Rhadamanthus made his first racecourse appearance at Newmarket's First Spring meeting on 25 April, when he contested a division of the Prince's Stakes "Across the flat" (ten furlongs). He started the even money favourite and won from Lord Derby's Lee Boo and the Duke of Bedford's Thunderbolt. At the next Newmarket meeting he was withdrawn from a match race against Lord Egremont's colt Precipitate, with Lord Grosvenor paying a forfeit.

Lord Grosvenor was strongly represented in the Derby at Epsom on 22 May. Apart from Rhadamanthus, the 5/4 favourite, he was also represented by Asparagus, who was second in the betting at 4/1. Ridden by John Arnull (or Arnold), Rhadamanthus beat his stable companion to win the ten runner race, with Lee Boo finishing third.

Rhadamanthus was off the racecourse for almost five months before returning for two races at Newmarket in autumn. On 19 October he ran in a Sweepstakes for three-year-olds over the two-mile "Ditch In" course. Starting at odds of 1/3 against six opponents, he won from the Prince of Wales's colt Fitzwilliam. Rhadamanthus's unbeaten run came to an end on 1 November, when he finished second to Asparagus at level weights in a five-runner Sweepstakes Across the Flat.

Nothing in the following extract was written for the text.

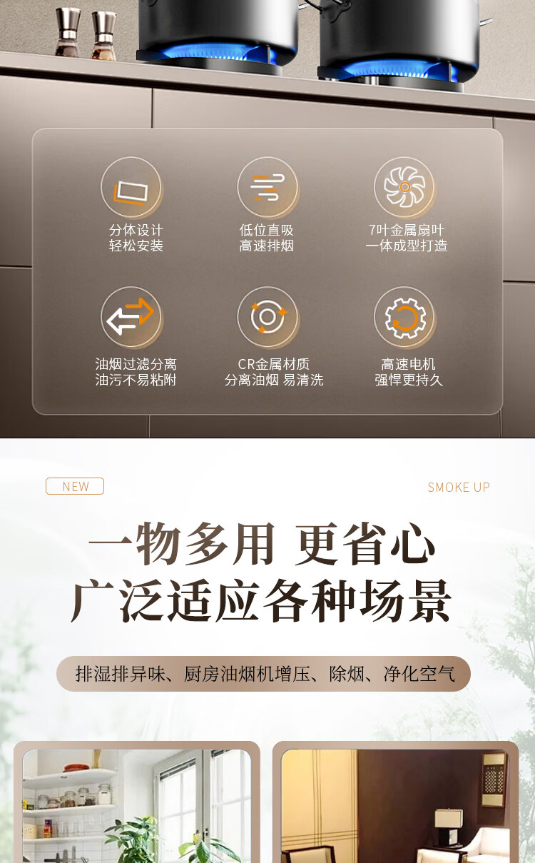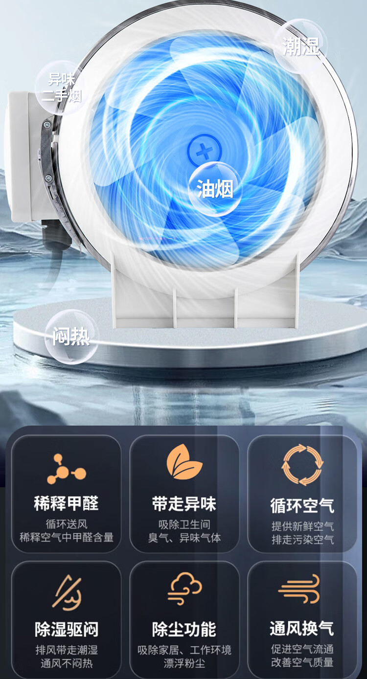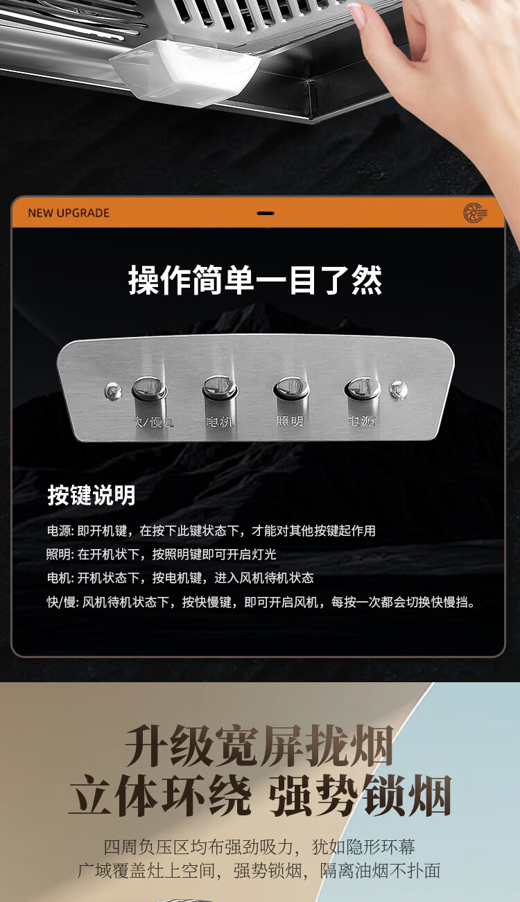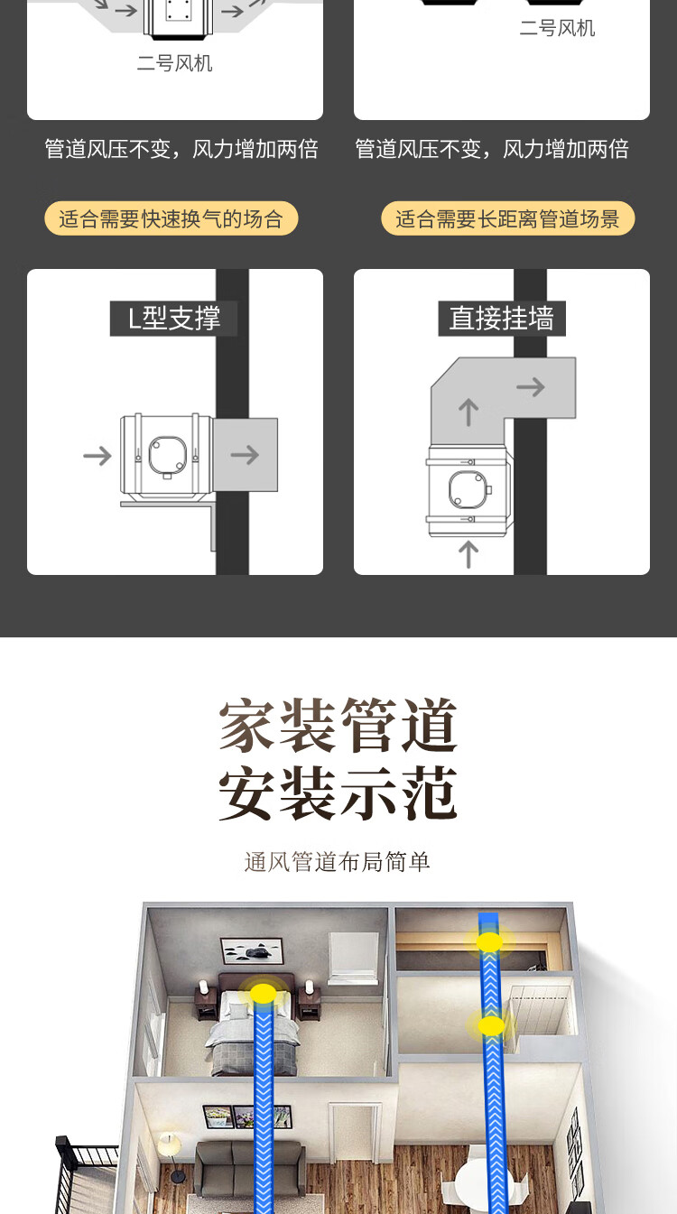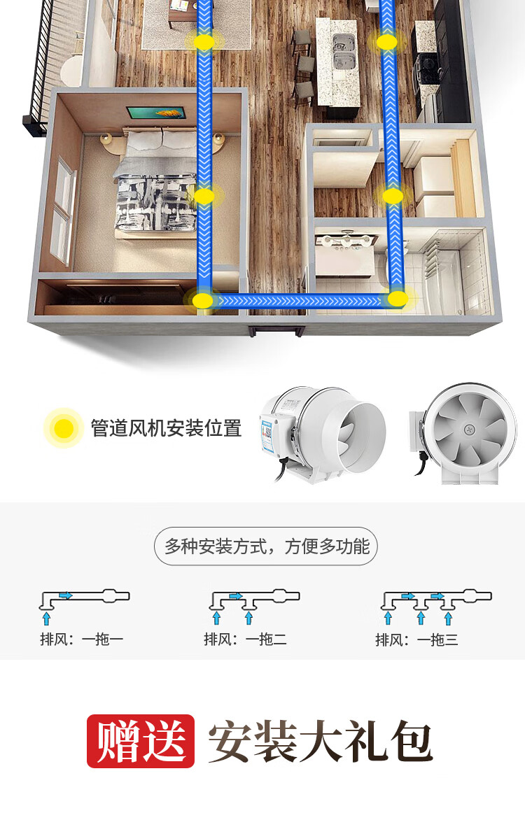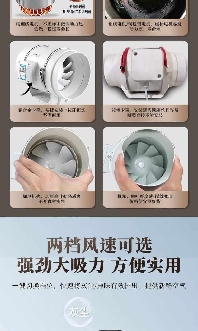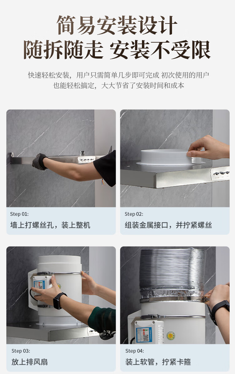 保力克厨房家电抽烟机大吸力油烟机家用不锈钢顶吸排油烟机出租房抽油烟机简易安装吸烟机 【斜流款按键款】6寸+1米管道+卡扣一个

===1791: four-year-old season===
Rhadamanthus was entered for the Claret Stakes on 13 May, but did not run. His first and only appearance in 1791 was at Newmarket's July meeting where he contested a Sweepstakes for four-year-olds over ten furlongs. He started the 5/4 favourite and won from Chanticleer, who was conceding eleven pounds, Old Gold and Caroline, earning 1,350 guineas for Lord Grosvenor.

===1792: five-year-old season===
Rhadamanthus's first run of 1792 came in the Oatlands Stakes, a handicap race at Newmarket over two miles on 7 April. With more than fifty subscribers paying 100 guineas to enter, the race's prize of 5,375 guineas made it far more valuable than any of the Classics- the Derby for instance attracted thirty-two entries at 50 guineas for a prize of 1,600 guineas. Rhadamanthus started the 5/2 favourite in a field of twenty runners but finished unplaced behind Mr Bullock's horse Toby. Later that month Lord Grosvenor claimed a prize of 1,200 guineas when Rhadamanthus was allowed to walk over in a Sweepstakes over Newmarket's Round Course, the other fifteen entries having been withdrawn Rhadamanthus made his only other start of the season at Newmarket in autumn. On 18 October he finished unplaced behind Mr Bullock's horse Halbert in a 60 guinea weight-for-age race over the Ditch In course.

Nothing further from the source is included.